> **TASK STATEMENT**:
Output only the lines below from the one containing "2025年に開催されたAIア" to the one containing "celana PDL security", exactly as written, both ends kept.

=====

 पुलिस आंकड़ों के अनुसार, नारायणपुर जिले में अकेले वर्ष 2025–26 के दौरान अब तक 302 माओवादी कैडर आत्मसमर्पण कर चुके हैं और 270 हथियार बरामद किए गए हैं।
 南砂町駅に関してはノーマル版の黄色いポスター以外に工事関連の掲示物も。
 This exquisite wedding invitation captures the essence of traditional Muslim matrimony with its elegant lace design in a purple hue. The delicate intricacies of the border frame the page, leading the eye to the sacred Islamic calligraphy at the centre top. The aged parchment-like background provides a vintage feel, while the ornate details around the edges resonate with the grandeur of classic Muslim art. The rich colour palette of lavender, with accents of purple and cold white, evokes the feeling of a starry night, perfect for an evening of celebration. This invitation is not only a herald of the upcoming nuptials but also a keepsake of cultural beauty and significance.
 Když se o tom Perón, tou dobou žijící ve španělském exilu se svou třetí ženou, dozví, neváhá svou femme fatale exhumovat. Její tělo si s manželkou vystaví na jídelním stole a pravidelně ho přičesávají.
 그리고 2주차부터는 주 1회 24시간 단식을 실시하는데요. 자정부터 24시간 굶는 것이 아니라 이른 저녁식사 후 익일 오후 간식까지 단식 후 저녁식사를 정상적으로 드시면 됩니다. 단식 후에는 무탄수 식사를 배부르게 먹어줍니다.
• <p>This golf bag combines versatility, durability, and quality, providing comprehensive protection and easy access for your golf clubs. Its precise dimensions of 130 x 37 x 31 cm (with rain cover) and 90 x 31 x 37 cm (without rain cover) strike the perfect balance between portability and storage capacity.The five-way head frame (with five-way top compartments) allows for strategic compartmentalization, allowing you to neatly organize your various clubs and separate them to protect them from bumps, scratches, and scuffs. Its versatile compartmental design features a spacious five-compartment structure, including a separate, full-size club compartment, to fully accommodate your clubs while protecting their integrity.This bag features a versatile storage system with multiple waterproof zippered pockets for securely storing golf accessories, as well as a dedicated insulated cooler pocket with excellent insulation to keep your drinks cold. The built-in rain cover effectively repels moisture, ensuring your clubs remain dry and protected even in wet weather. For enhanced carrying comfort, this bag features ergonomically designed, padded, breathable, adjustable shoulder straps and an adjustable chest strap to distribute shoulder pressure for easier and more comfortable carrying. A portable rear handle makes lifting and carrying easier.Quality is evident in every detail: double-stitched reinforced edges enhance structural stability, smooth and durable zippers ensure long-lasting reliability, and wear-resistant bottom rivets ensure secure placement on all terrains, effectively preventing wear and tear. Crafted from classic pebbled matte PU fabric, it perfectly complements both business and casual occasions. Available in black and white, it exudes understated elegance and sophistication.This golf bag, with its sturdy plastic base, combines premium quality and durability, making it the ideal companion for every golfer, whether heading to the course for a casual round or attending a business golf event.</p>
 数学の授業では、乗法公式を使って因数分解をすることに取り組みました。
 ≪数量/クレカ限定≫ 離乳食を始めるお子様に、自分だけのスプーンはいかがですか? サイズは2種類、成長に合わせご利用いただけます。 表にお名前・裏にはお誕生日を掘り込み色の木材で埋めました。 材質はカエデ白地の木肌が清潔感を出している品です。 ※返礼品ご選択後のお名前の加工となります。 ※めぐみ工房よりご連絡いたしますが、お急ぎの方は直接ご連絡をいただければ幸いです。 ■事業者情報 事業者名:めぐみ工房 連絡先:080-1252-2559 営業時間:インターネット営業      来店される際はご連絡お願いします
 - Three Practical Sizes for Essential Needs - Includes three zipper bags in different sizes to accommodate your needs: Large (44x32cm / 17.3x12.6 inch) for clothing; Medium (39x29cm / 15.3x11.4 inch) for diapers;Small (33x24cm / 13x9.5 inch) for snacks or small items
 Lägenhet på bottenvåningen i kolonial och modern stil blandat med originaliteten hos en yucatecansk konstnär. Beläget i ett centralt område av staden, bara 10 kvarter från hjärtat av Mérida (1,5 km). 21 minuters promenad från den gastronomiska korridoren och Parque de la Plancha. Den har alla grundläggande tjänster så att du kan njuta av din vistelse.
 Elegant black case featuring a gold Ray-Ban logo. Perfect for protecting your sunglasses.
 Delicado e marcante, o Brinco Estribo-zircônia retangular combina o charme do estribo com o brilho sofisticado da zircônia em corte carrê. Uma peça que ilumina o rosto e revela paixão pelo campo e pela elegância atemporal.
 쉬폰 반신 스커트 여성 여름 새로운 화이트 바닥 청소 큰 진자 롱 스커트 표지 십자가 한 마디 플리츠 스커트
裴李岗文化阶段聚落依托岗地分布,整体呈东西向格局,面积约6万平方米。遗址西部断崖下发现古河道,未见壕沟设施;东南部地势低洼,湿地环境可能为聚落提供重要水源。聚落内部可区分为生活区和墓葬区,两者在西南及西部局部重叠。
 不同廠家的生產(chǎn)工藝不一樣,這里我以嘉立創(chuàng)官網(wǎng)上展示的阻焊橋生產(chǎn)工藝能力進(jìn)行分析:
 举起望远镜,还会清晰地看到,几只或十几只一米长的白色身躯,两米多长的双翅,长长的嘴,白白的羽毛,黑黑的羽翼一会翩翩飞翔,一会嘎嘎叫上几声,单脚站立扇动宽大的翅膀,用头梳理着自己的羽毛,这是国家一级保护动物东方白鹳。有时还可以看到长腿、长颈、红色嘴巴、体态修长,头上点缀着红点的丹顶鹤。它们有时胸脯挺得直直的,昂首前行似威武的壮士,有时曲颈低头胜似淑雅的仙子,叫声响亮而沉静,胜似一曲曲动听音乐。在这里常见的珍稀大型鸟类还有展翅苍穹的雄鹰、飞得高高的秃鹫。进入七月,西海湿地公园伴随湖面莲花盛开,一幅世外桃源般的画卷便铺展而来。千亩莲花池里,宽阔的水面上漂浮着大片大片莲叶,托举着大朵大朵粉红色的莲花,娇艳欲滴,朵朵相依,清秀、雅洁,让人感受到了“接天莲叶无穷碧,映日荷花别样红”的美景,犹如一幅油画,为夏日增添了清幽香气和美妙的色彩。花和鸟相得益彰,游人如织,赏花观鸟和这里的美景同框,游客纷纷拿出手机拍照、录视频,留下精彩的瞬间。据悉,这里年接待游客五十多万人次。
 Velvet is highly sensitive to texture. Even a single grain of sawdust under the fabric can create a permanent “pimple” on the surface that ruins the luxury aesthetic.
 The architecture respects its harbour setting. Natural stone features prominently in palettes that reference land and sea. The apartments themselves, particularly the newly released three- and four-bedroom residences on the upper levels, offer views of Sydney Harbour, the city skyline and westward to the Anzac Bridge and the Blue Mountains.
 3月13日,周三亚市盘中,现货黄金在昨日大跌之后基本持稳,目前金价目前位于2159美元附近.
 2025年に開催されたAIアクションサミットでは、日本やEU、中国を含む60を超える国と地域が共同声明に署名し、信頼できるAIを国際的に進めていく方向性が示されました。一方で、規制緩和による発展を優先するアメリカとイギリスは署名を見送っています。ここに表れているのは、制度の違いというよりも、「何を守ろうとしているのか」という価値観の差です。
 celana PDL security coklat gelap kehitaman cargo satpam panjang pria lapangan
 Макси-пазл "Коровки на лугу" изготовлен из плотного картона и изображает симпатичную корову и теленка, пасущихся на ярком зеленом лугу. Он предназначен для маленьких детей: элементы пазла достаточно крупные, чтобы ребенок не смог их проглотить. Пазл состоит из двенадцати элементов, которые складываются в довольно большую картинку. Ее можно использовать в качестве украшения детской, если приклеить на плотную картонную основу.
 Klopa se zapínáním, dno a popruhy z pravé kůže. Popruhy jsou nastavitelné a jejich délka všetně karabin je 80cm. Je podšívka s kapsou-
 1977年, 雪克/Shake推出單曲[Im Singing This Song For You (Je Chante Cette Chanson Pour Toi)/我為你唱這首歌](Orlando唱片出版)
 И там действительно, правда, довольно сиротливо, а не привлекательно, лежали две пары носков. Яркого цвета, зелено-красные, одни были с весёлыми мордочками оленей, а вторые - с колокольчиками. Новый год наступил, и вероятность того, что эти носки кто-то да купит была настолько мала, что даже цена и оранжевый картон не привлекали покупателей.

=====

> **PROBLEM SOLUTION**:
 2025年に開催されたAIアクションサミットでは、日本やEU、中国を含む60を超える国と地域が共同声明に署名し、信頼できるAIを国際的に進めていく方向性が示されました。一方で、規制緩和による発展を優先するアメリカとイギリスは署名を見送っています。ここに表れているのは、制度の違いというよりも、「何を守ろうとしているのか」という価値観の差です。
 celana PDL security coklat gelap kehitaman cargo satpam panjang pria lapangan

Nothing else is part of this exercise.